> WHAT THE TASK ASKS: An exact, complete copy of the entries is needed, with the pictures left out.

Stored records:
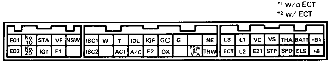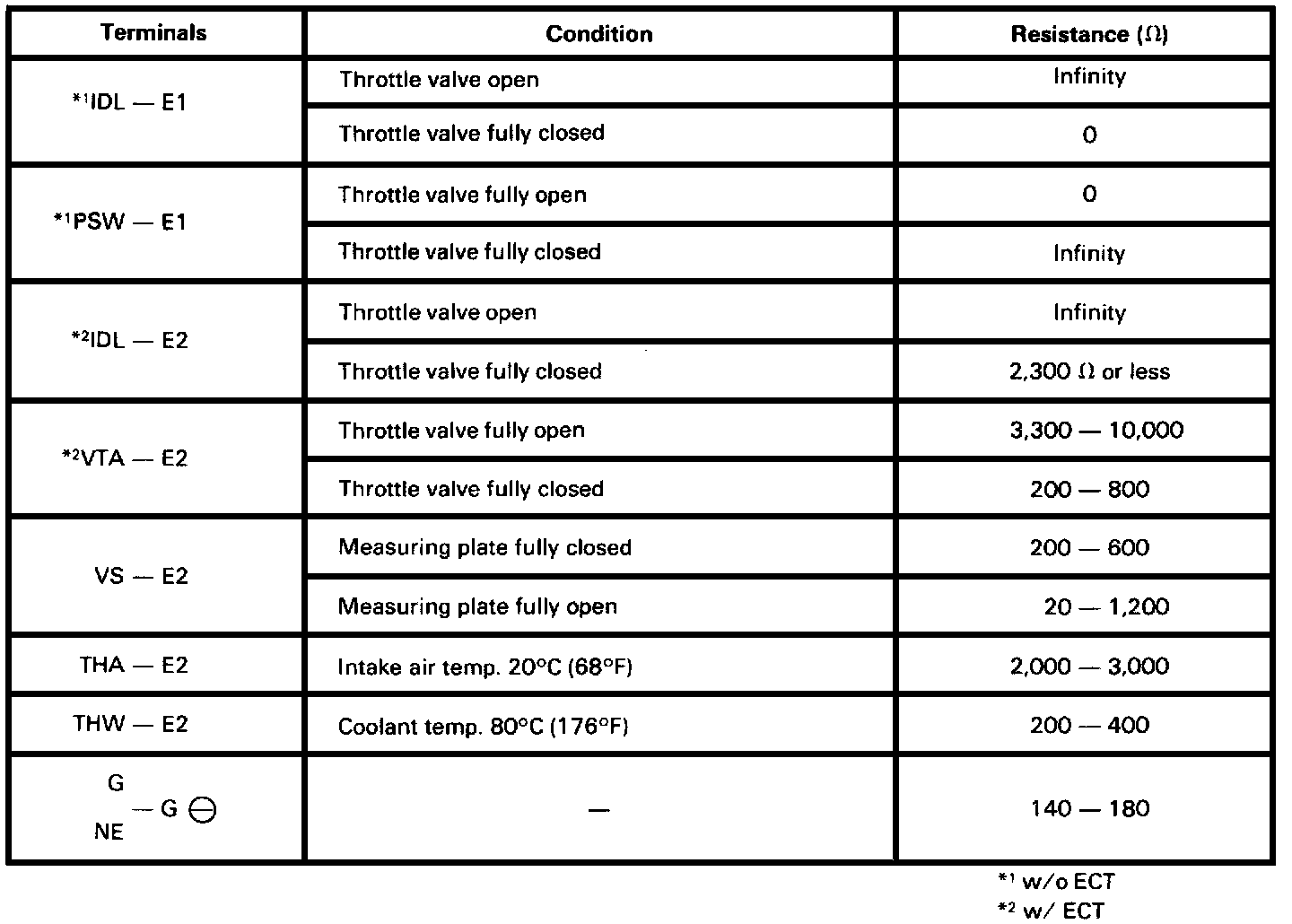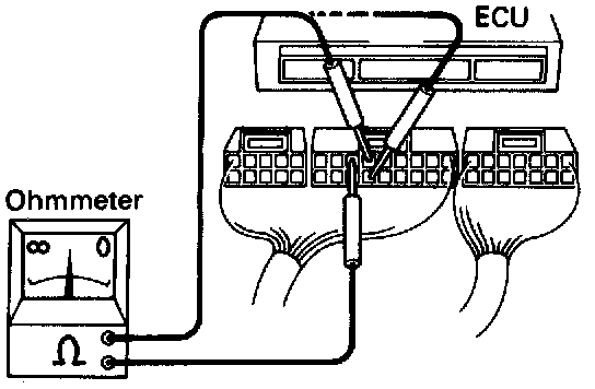 - Disconnect the connectors from the ECU. Measure the resistance at each terminal.
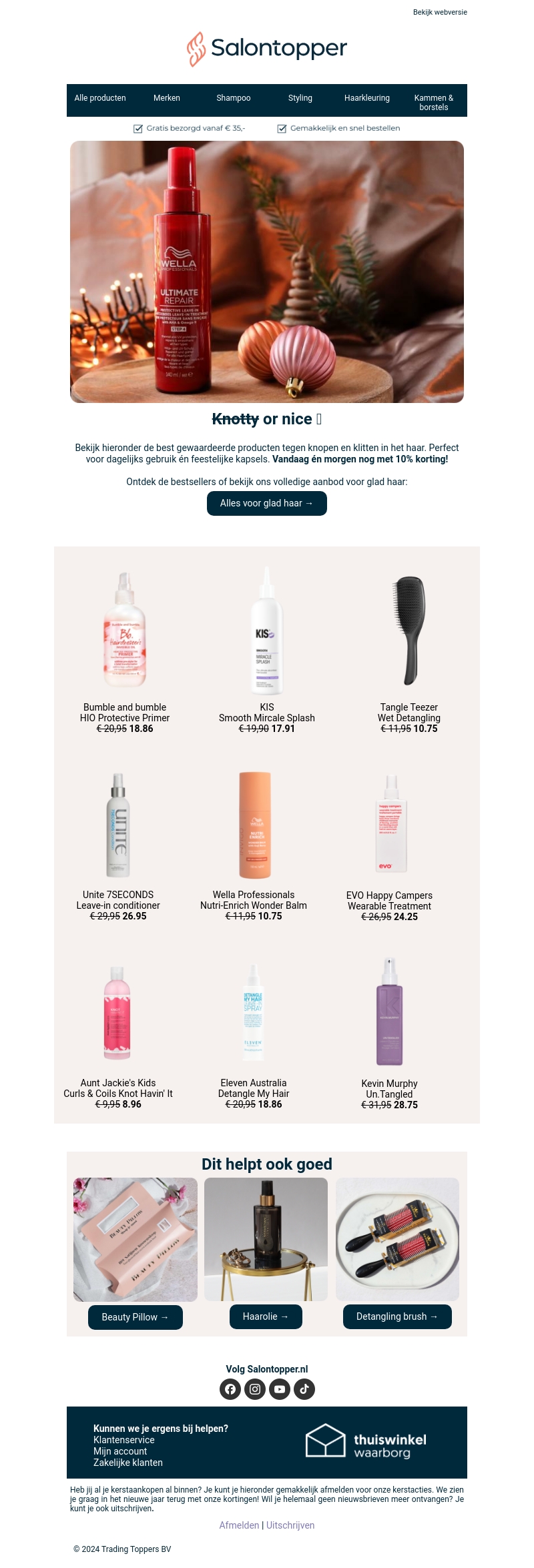 Deze nieuwsbrief van Salontopper introduceert top haarverzorgingsproducten die knopen en klitten bestrijden. Perfect voor dagelijks gebruik en feestelijke kapsels. Profiteer vandaag en morgen van 10% korting op deze hoogwaardige producten die ervoor zorgen dat je haar altijd glad en gezond blijft.
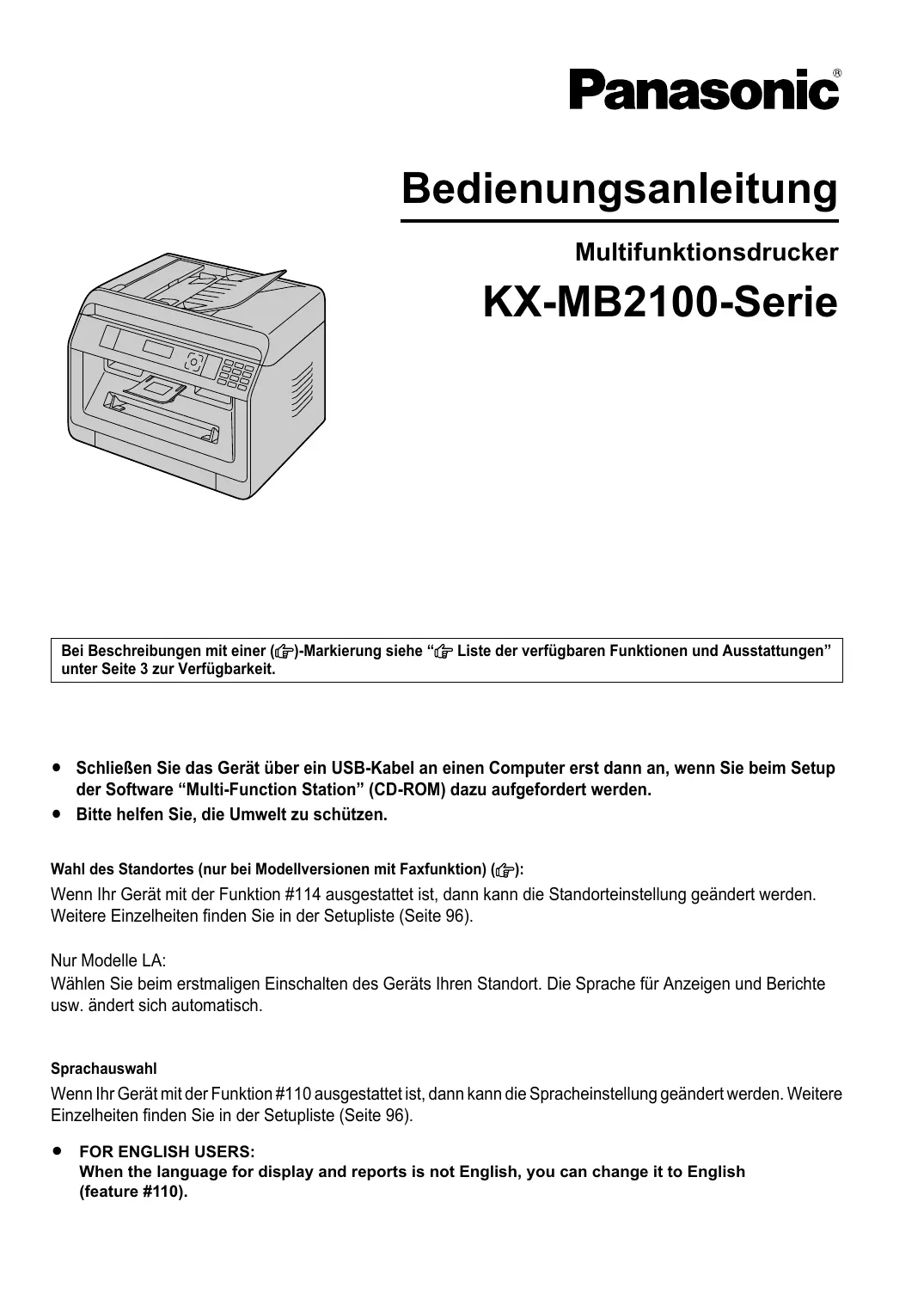 Bedienungsanleitung Multifunktionsdrucker KX-MB2100-Serie Bei Beschreibungen mit einer (y)-Markierung siehe “y Liste der verfügbaren Funktionen und Ausstattungen” unter Seite 3 zur Verfügbarkeit. R Schließen Sie das Gerät über ein USB-Kabel an einen Computer erst dann an, wenn Sie beim Setup der Software “Multi-Function Station” (CD-ROM) dazu aufgefordert werden. R Bitte helfen Sie, die Umwelt zu schützen. Wahl des Standortes (nur bei Modellversionen mit Faxfunktion) (y): Wenn Ihr Gerät mit der Funktion #114 ausgestattet ist, dann kann die Standorteinstellung geändert werden. Weitere Einzelheiten finden Sie in der Setupliste (Seite 96). Nur Modelle LA: Wählen Sie beim erstmaligen Einschalten des Geräts Ihren Standort. Die Sprache für Anzeigen und Berichte usw. ändert sich automatisch. Sprachauswahl Wenn Ihr Gerät mit der Funktion #110 ausgestattet ist, dann kann die Spracheinstellung geändert werden. Weitere Einzelheiten finden Sie in der Setupliste (Seite 96). R FOR ENGLISH USERS: When the language for display and reports is not English, you can change it to English (feature #110). Vielen Dank, dass Sie sich für den Kauf dieses Panasonic-Geräts entschieden haben. Vorsicht: R Reiben oder Radieren auf der bedruckten Seite des Papiers kann dazu führen, dass der Druck verschmiert. Modelle in dieser Anleitung: Hinweis zu Entsorgung, Übertragung und Rückgabe des Produkts (nur bei Modellversionen mit Fax- oder Netzwerkfunktion) (y): R In dem Produkt können private/vertrauliche Informationen gespeichert werden. Zum Schutz Ihrer privaten/ vertraulichen Daten empfehlen wir, die Informationen aus dem Speicher zu löschen, bevor Sie das Produkt entsorgen, übertragen oder zurückgeben (Funktion #159). Suffix
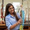 Student examining a model of the human spine in an anatomy lab.
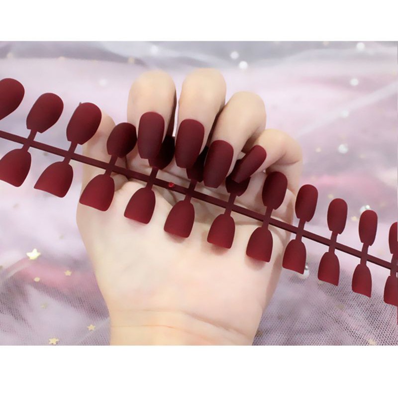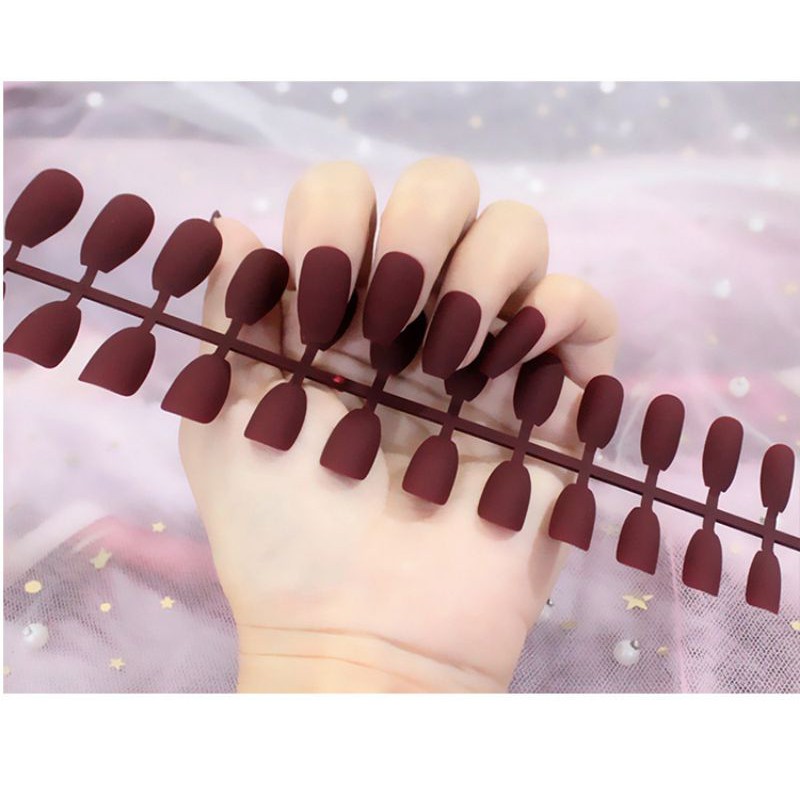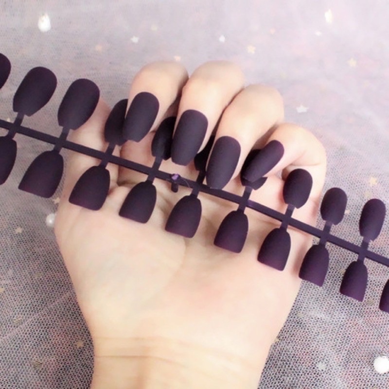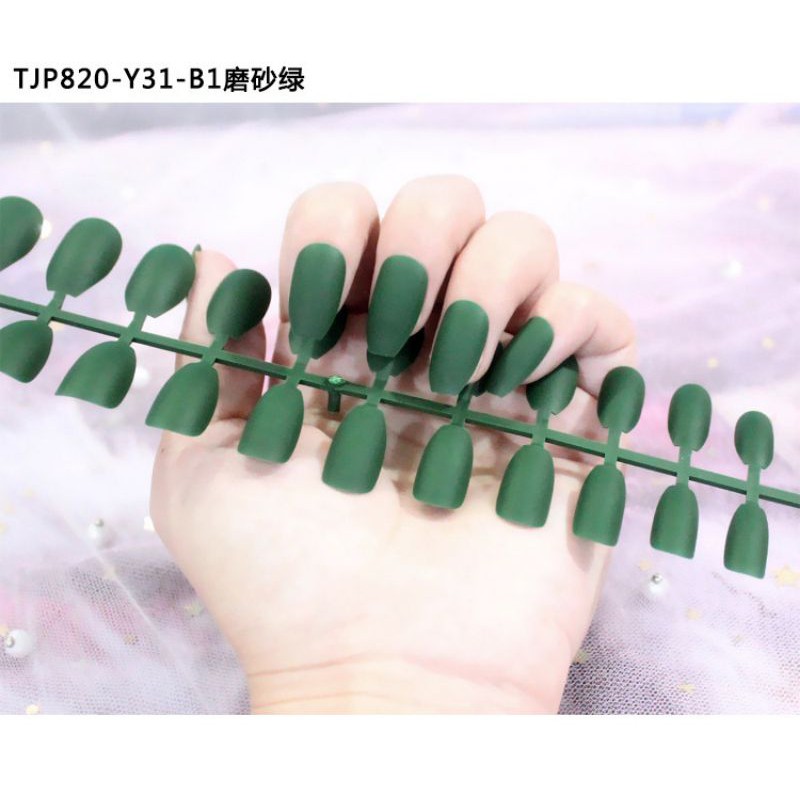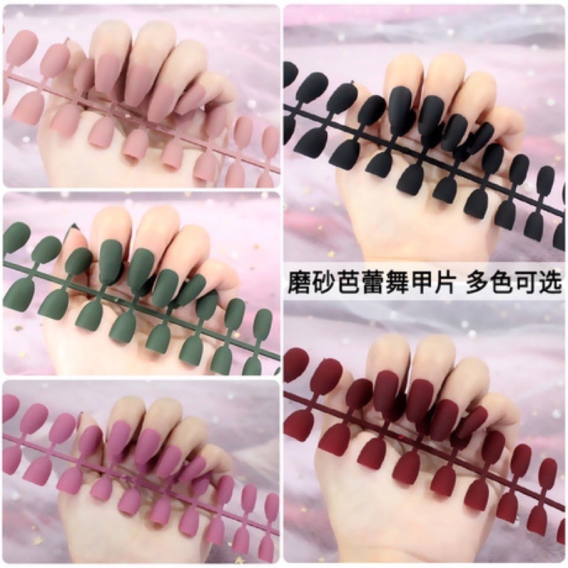 24Pc False Nail Art / KUKU PALSU Matte Nude Coffin Ballerina Drop shaped Press On Fake (NA-02)
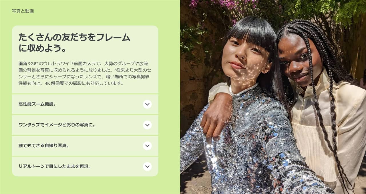▼フロントカメラは1,080万画素で、広範囲な92.8°の画角に対応。風景込みでの自撮りや、友達との自撮りも楽しめそうだな!↓![]()
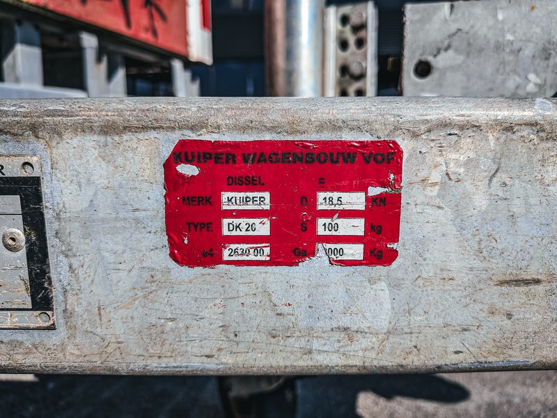 Merk: KUIPER Product: Schaftwagen BouwJaar: 2009 Conditie: Gebruikt Specificaties: Basiskenmerken Kenteken: 19-WD-PN Goedkeuringsnummer: KUPA 2004 C Identificatienummer: XL9AT200209090606 Datum eerste toelating: 15 april 2009 Maten & Gewichten Voertuig lengte: 5.740 mm Voertuig breedte: 2.260 mm Wielbasis: 800 mm Massa rijklaar: 1.225 kg Max. massa voertuig: 2.000 kg Laadvermogen: 775 kg

> EXPECTED OUTPUT:
 - Disconnect the connectors from the ECU. Measure the resistance at each terminal.
 Deze nieuwsbrief van Salontopper introduceert top haarverzorgingsproducten die knopen en klitten bestrijden. Perfect voor dagelijks gebruik en feestelijke kapsels. Profiteer vandaag en morgen van 10% korting op deze hoogwaardige producten die ervoor zorgen dat je haar altijd glad en gezond blijft.
 Bedienungsanleitung Multifunktionsdrucker KX-MB2100-Serie Bei Beschreibungen mit einer (y)-Markierung siehe “y Liste der verfügbaren Funktionen und Ausstattungen” unter Seite 3 zur Verfügbarkeit. R Schließen Sie das Gerät über ein USB-Kabel an einen Computer erst dann an, wenn Sie beim Setup der Software “Multi-Function Station” (CD-ROM) dazu aufgefordert werden. R Bitte helfen Sie, die Umwelt zu schützen. Wahl des Standortes (nur bei Modellversionen mit Faxfunktion) (y): Wenn Ihr Gerät mit der Funktion #114 ausgestattet ist, dann kann die Standorteinstellung geändert werden. Weitere Einzelheiten finden Sie in der Setupliste (Seite 96). Nur Modelle LA: Wählen Sie beim erstmaligen Einschalten des Geräts Ihren Standort. Die Sprache für Anzeigen und Berichte usw. ändert sich automatisch. Sprachauswahl Wenn Ihr Gerät mit der Funktion #110 ausgestattet ist, dann kann die Spracheinstellung geändert werden. Weitere Einzelheiten finden Sie in der Setupliste (Seite 96). R FOR ENGLISH USERS: When the language for display and reports is not English, you can change it to English (feature #110). Vielen Dank, dass Sie sich für den Kauf dieses Panasonic-Geräts entschieden haben. Vorsicht: R Reiben oder Radieren auf der bedruckten Seite des Papiers kann dazu führen, dass der Druck verschmiert. Modelle in dieser Anleitung: Hinweis zu Entsorgung, Übertragung und Rückgabe des Produkts (nur bei Modellversionen mit Fax- oder Netzwerkfunktion) (y): R In dem Produkt können private/vertrauliche Informationen gespeichert werden. Zum Schutz Ihrer privaten/ vertraulichen Daten empfehlen wir, die Informationen aus dem Speicher zu löschen, bevor Sie das Produkt entsorgen, übertragen oder zurückgeben (Funktion #159). Suffix
 Student examining a model of the human spine in an anatomy lab.
 24Pc False Nail Art / KUKU PALSU Matte Nude Coffin Ballerina Drop shaped Press On Fake (NA-02)
▼フロントカメラは1,080万画素で、広範囲な92.8°の画角に対応。風景込みでの自撮りや、友達との自撮りも楽しめそうだな!↓![]()
 Merk: KUIPER Product: Schaftwagen BouwJaar: 2009 Conditie: Gebruikt Specificaties: Basiskenmerken Kenteken: 19-WD-PN Goedkeuringsnummer: KUPA 2004 C Identificatienummer: XL9AT200209090606 Datum eerste toelating: 15 april 2009 Maten & Gewichten Voertuig lengte: 5.740 mm Voertuig breedte: 2.260 mm Wielbasis: 800 mm Massa rijklaar: 1.225 kg Max. massa voertuig: 2.000 kg Laadvermogen: 775 kg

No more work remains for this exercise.